What you should do =
Repeat the following entries exactly, excluding pictures.

Source data
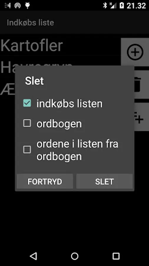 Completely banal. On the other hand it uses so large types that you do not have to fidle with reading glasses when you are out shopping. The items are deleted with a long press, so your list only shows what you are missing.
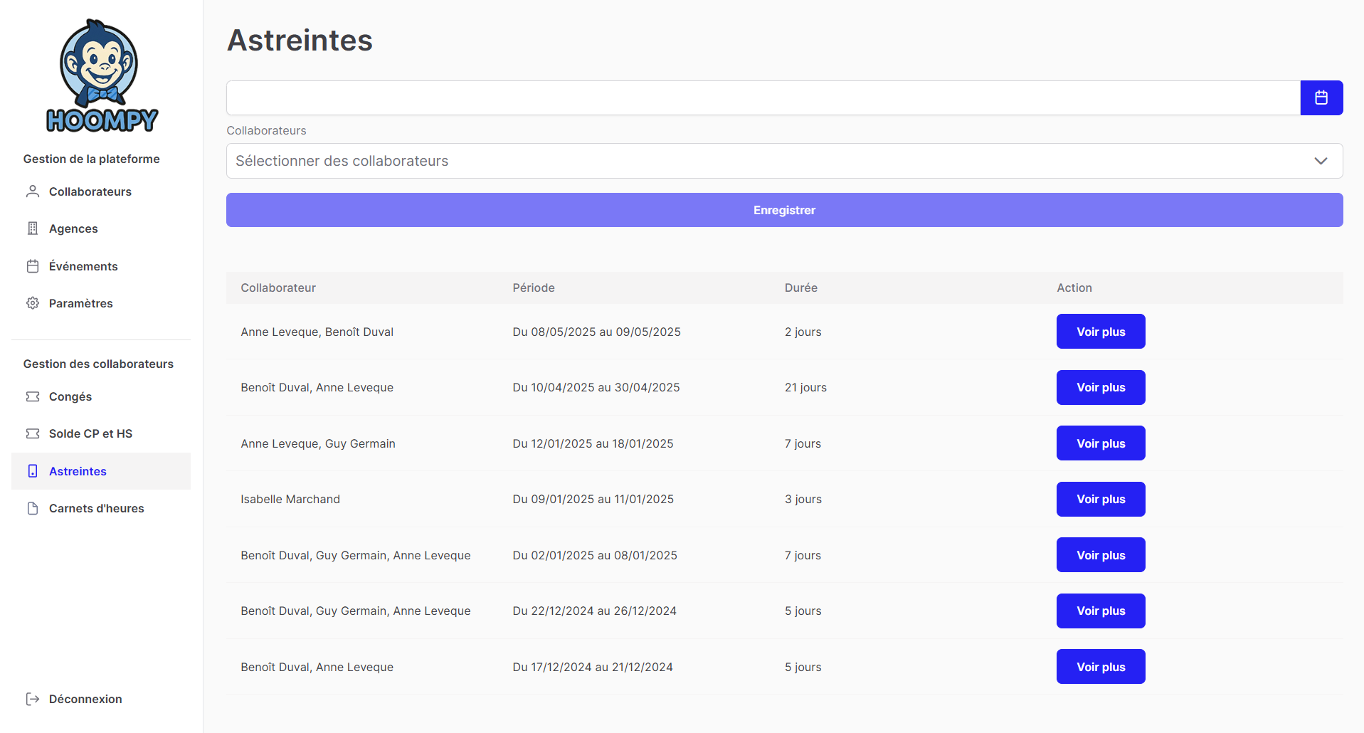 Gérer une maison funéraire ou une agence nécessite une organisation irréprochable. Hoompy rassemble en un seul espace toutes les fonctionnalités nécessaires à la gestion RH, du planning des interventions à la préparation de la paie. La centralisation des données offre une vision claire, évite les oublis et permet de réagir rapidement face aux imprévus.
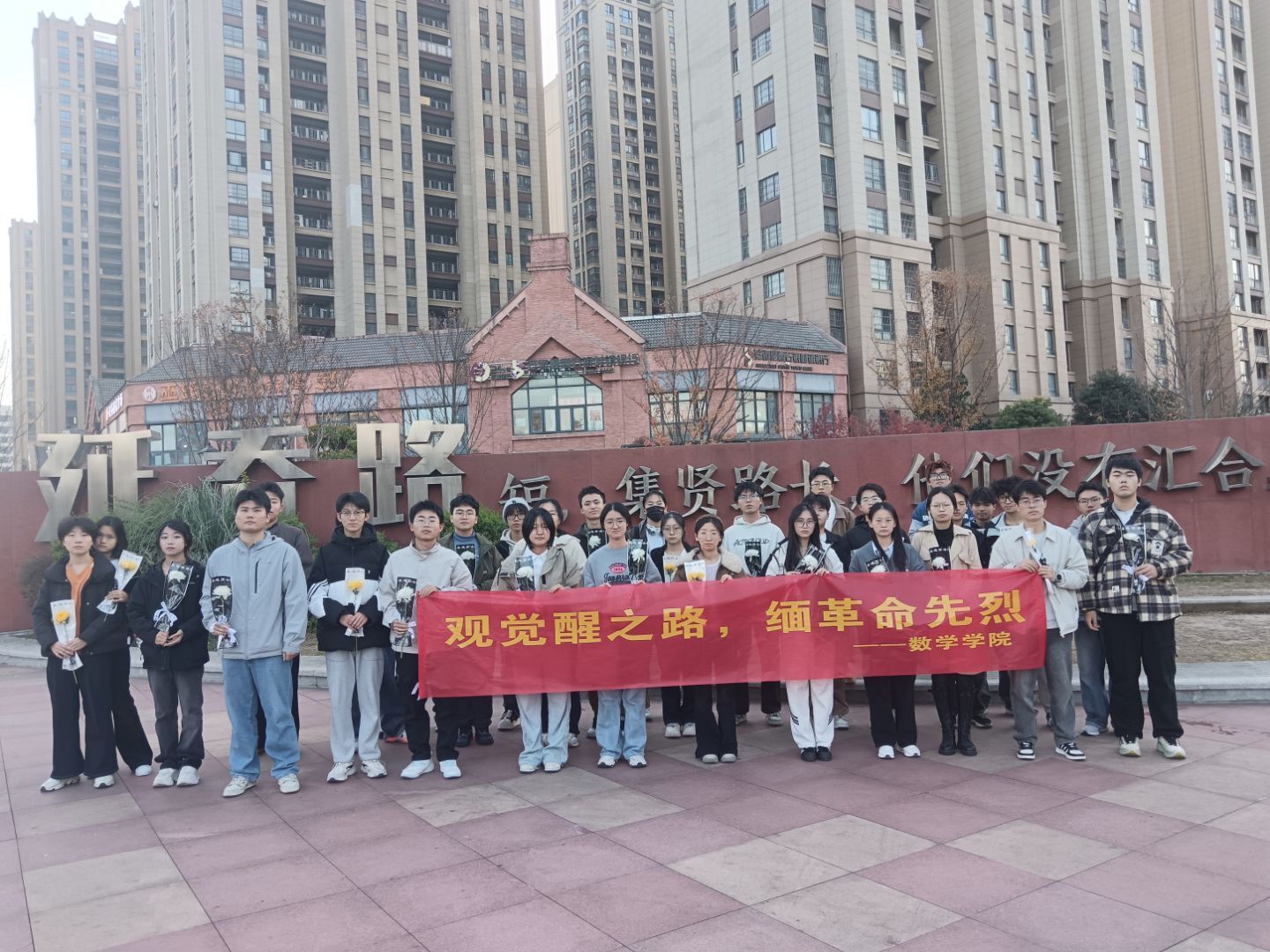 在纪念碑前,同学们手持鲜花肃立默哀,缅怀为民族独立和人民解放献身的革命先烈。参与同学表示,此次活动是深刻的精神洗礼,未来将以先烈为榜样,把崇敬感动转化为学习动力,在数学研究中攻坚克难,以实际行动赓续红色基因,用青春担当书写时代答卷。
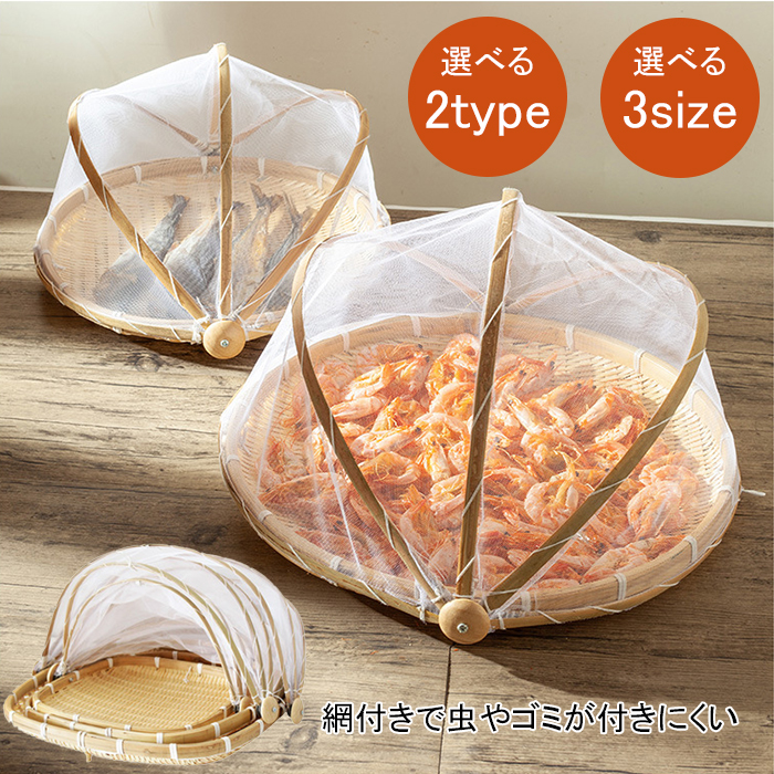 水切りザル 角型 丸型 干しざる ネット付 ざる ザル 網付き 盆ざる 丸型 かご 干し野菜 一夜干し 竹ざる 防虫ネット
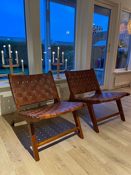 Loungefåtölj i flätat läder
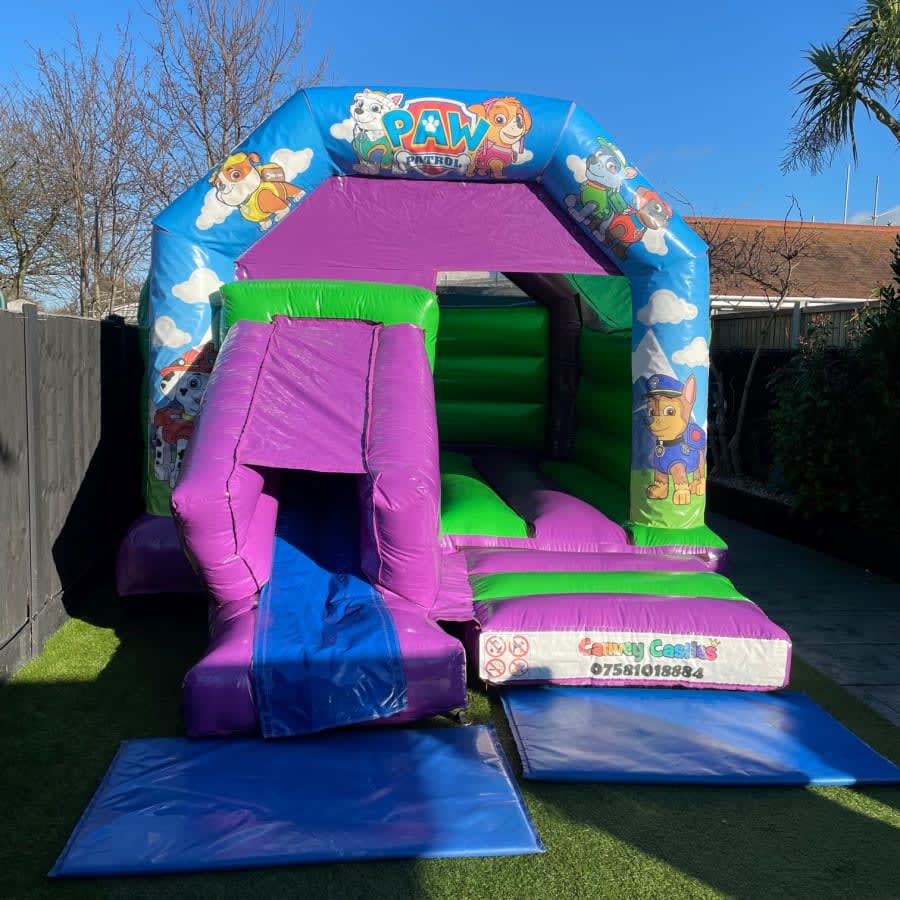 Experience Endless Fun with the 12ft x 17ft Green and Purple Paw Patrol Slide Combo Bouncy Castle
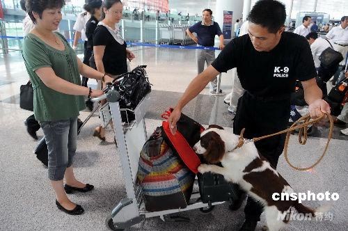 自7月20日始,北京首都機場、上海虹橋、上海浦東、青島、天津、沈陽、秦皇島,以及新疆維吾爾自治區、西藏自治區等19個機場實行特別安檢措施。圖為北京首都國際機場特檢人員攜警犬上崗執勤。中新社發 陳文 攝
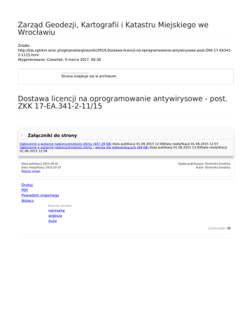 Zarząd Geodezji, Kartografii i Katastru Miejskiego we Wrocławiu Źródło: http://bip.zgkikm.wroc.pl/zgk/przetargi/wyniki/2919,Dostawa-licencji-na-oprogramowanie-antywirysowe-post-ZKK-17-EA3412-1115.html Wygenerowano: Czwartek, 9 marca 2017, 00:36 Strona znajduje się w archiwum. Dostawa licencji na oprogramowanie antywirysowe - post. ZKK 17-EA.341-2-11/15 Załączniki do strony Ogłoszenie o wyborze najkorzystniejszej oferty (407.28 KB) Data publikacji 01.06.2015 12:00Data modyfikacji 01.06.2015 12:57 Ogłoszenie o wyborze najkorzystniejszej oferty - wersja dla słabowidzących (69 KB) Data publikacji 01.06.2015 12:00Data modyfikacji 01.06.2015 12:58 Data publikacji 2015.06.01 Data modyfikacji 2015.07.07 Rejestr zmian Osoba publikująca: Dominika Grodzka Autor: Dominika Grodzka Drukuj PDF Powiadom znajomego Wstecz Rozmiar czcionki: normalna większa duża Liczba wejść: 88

Problem solution =
 Completely banal. On the other hand it uses so large types that you do not have to fidle with reading glasses when you are out shopping. The items are deleted with a long press, so your list only shows what you are missing.
 Gérer une maison funéraire ou une agence nécessite une organisation irréprochable. Hoompy rassemble en un seul espace toutes les fonctionnalités nécessaires à la gestion RH, du planning des interventions à la préparation de la paie. La centralisation des données offre une vision claire, évite les oublis et permet de réagir rapidement face aux imprévus.
 在纪念碑前,同学们手持鲜花肃立默哀,缅怀为民族独立和人民解放献身的革命先烈。参与同学表示,此次活动是深刻的精神洗礼,未来将以先烈为榜样,把崇敬感动转化为学习动力,在数学研究中攻坚克难,以实际行动赓续红色基因,用青春担当书写时代答卷。
 水切りザル 角型 丸型 干しざる ネット付 ざる ザル 網付き 盆ざる 丸型 かご 干し野菜 一夜干し 竹ざる 防虫ネット
 Loungefåtölj i flätat läder
 Experience Endless Fun with the 12ft x 17ft Green and Purple Paw Patrol Slide Combo Bouncy Castle
 自7月20日始,北京首都機場、上海虹橋、上海浦東、青島、天津、沈陽、秦皇島,以及新疆維吾爾自治區、西藏自治區等19個機場實行特別安檢措施。圖為北京首都國際機場特檢人員攜警犬上崗執勤。中新社發 陳文 攝
 Zarząd Geodezji, Kartografii i Katastru Miejskiego we Wrocławiu Źródło: http://bip.zgkikm.wroc.pl/zgk/przetargi/wyniki/2919,Dostawa-licencji-na-oprogramowanie-antywirysowe-post-ZKK-17-EA3412-1115.html Wygenerowano: Czwartek, 9 marca 2017, 00:36 Strona znajduje się w archiwum. Dostawa licencji na oprogramowanie antywirysowe - post. ZKK 17-EA.341-2-11/15 Załączniki do strony Ogłoszenie o wyborze najkorzystniejszej oferty (407.28 KB) Data publikacji 01.06.2015 12:00Data modyfikacji 01.06.2015 12:57 Ogłoszenie o wyborze najkorzystniejszej oferty - wersja dla słabowidzących (69 KB) Data publikacji 01.06.2015 12:00Data modyfikacji 01.06.2015 12:58 Data publikacji 2015.06.01 Data modyfikacji 2015.07.07 Rejestr zmian Osoba publikująca: Dominika Grodzka Autor: Dominika Grodzka Drukuj PDF Powiadom znajomego Wstecz Rozmiar czcionki: normalna większa duża Liczba wejść: 88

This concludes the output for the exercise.